GOVERN 1.7 Processes and procedures are in place for decommissioning and phasing out AI systems safely and in a manner that does not increase risks or decrease the organization's trustworthiness.

GOVERN 2: Accountability structures are in place so that the appropriate teams and individuals are empowered, responsible, and trained for mapping, measuring, and managing AI risks.

Subcategory Description
GOVERN 2.1 Roles and responsibilities and lines of communication related to mapping, measuring, and managing AI risks are documented and are clear to individuals and teams throughout the organization.
GOVERN 2.2 The organization's personnel and partners receive AI risk management training to enable them to perform their duties and responsibilities consistent with related policies, procedures, and agreements.
GOVERN 2.3 Executive leadership of the organization takes responsibility for decisions about risks associated with AI system development and deployment.

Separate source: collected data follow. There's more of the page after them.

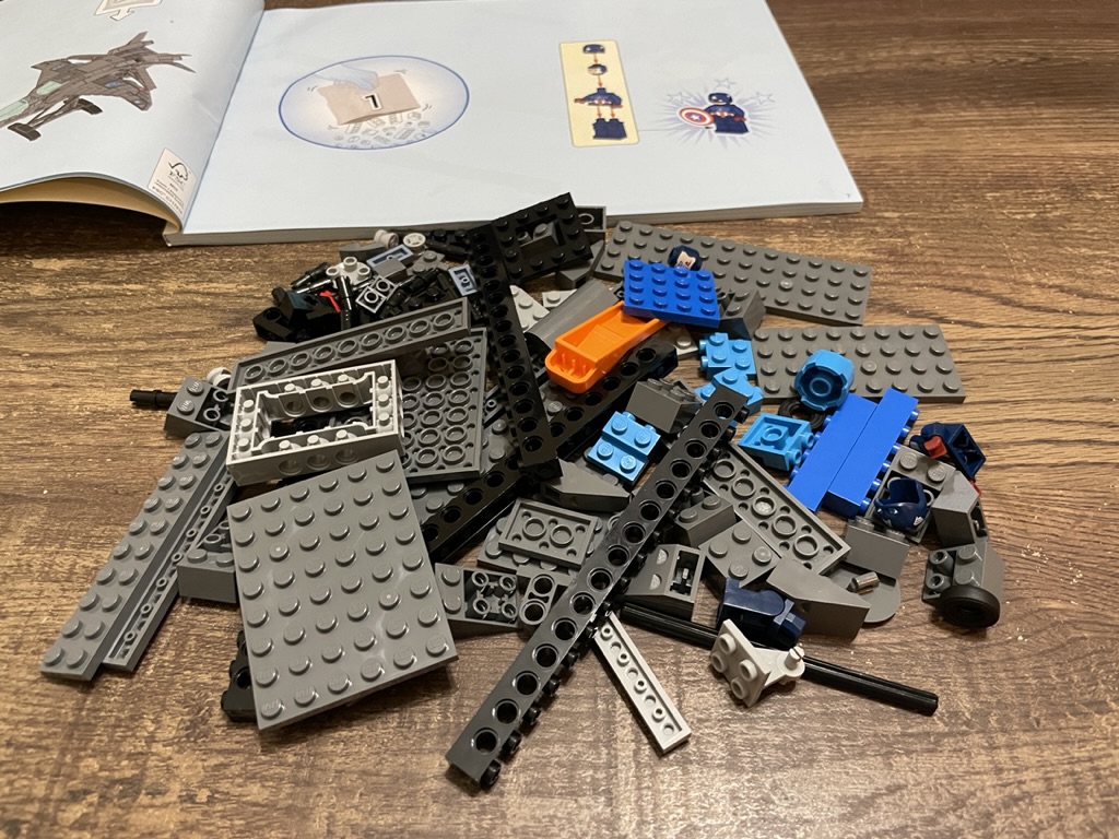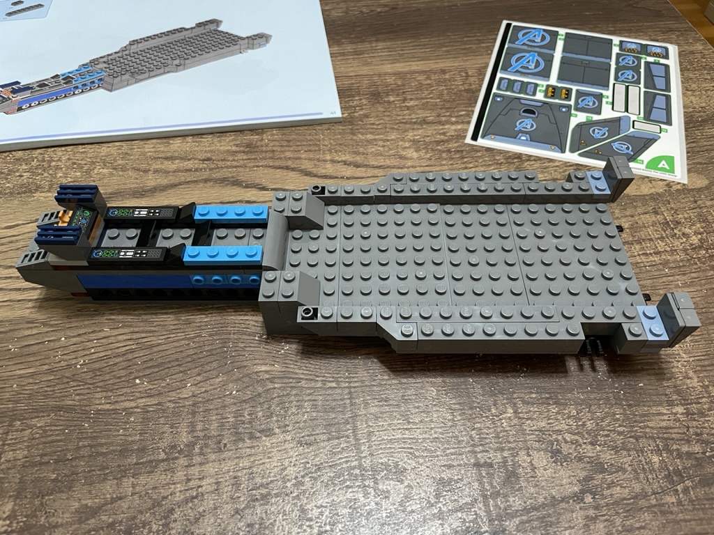 The Avengers Quinjet comes in typical Marvel packaging, showing that it is part of the Infinity saga at the top right of the box. The set is front and center, and the five minifigures are at the bottom. It’s 795 pieces with seven build stages, one instruction booklet, and two sticker sheets – one for SHIELD and one for Avengers motifs. Controversially, you must choose which sticker set you want to use, as the set does not provide additional pieces to switch the build between the two options. I went with the Avengers as I love them, and the blue on their stickers would look better than the grey of the SHIELD logo.
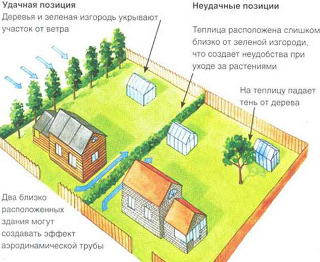 Unfortunately, there is no universal scheme for the location of the greenhouse on the site. If you search the Internet, you can find something similar, but this is not that. Each land plot is universal for many factors and as a result, what can fit in and fit into one area can turn the other into a bunch of unnecessary trash.
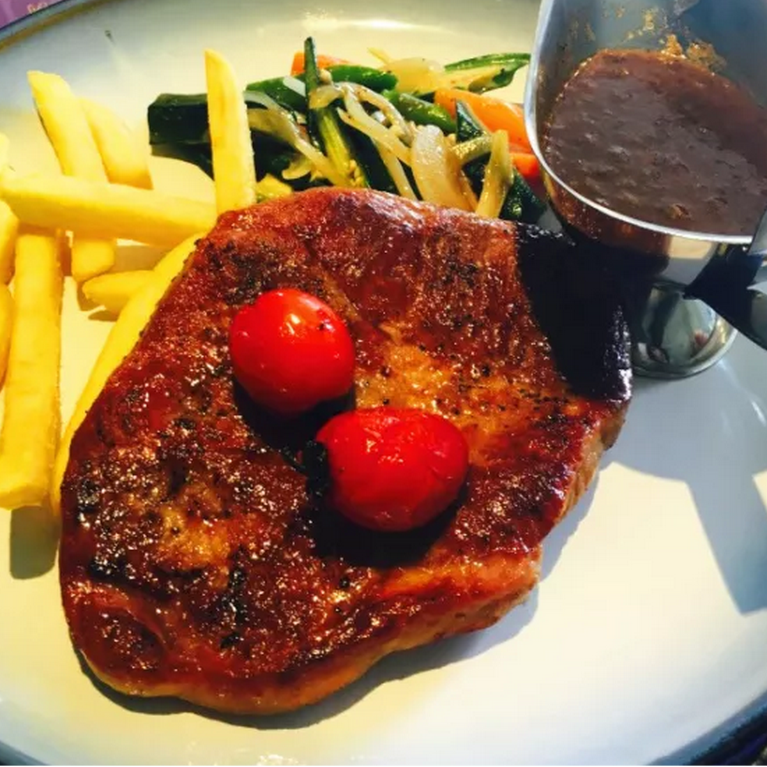 西冷牛排,刚刚煎制好的牛排,淋上恰到好处黑胡椒酱汁,再配上薯条、时蔬...既解腻又美味。
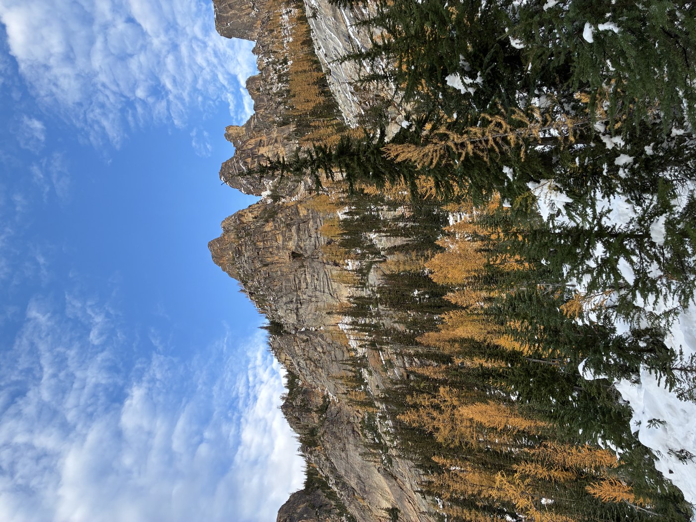 Hiked on a Wednesday afternoon around 4pm, the parking lot was mostly free of snow, any cars can make it. However, on the trail there were lots of snow, melting a bit under sunshine, generally on the path it was compact snow. The larches were mostly yellow colors now, gorgeous in the snow. You can also have a glimpse of the early winter spikes in the back. There was still some green larches around the lake. The reflection was nice too. I caught the sunset on my way back. Poles and micro spikes(or yaktrax) are strongly recommended if you don’t want to slip on snow.
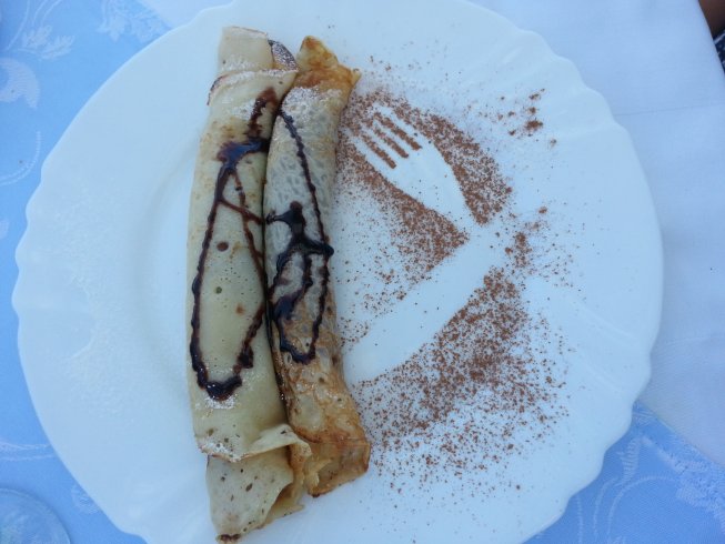 in der mitte siehts wirlich aus wie der schnee eines cappuccino mit kaokao drauf. palatschinke?
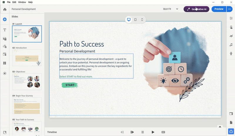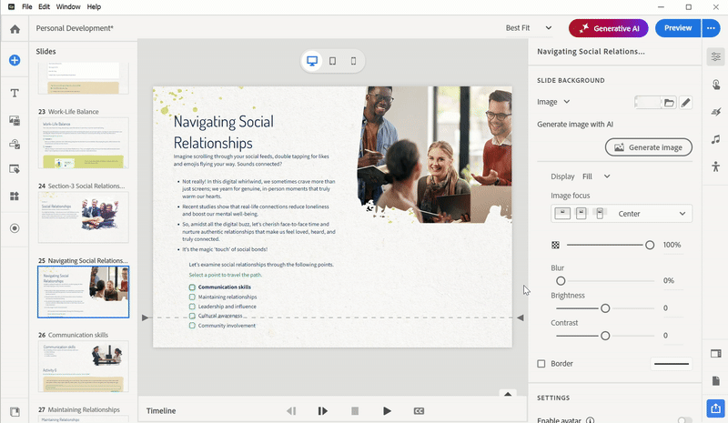 Let’s say you wrote a slide with some inspirational lines but now want the right definition of “personal development”. Just click “Generative AI” in the upper right corner and select “generate text” button to enter your request, for example:

GOVERN 3: Workforce diversity, equity, inclusion, and accessibility processes are prioritized in the mapping, measuring, and managing of AI risks throughout the lifecycle.

Subcategory Description
GOVERN 3.1 Decision-making related to mapping, measuring, and managing AI risks throughout the lifecycle is informed by a diverse team (e.g., diversity of demographics, disciplines, experience, expertise, and backgrounds).
GOVERN 3.2 Policies and procedures are in place to define and differentiate roles and responsibilities for human-AI configurations and oversight of AI systems.

GOVERN 4: Organizational teams are committed to a culture that considers and communicates AI risk.

Subcategory Description
GOVERN 4.1 Organizational policies and practices are in place to foster a critical thinking and safety-first mindset in the design, development, deployment, and uses of AI systems to minimize potential negative impacts.
GOVERN 4.2 Organizational teams document the risks and potential impacts of the AI technology they design, develop, deploy, evaluate, and use, and they communicate about the impacts more broadly.
GOVERN 4.3 Organizational practices are in place to enable AI testing, identification of incidents, and information sharing.

GOVERN 5: Processes are in place for robust engagement with relevant AI actors.

Subcategory Description
GOVERN 5.1 Organizational policies and practices are in place to collect, consider, prioritize, and integrate feedback from those external to the team that developed or deployed the AI system regarding the potential individual and societal impacts related to AI risks.
GOVERN 5.2 Mechanisms are established to enable the team that developed or deployed AI systems to regularly incorporate adjudicated feedback from relevant AI actors into system design and implementation.

GOVERN 6: Policies and procedures are in place to address AI risks and benefits arising from third-party software and data and other supply chain issues.

Subcategory Description
GOVERN 6.1 Policies and procedures are in place that address AI risks associated with third-party entities, including risks of infringement of a third-party's intellectual property or other rights.
GOVERN 6.2 Contingency processes are in place to handle failures or incidents in third-party data or AI systems deemed to be high-risk.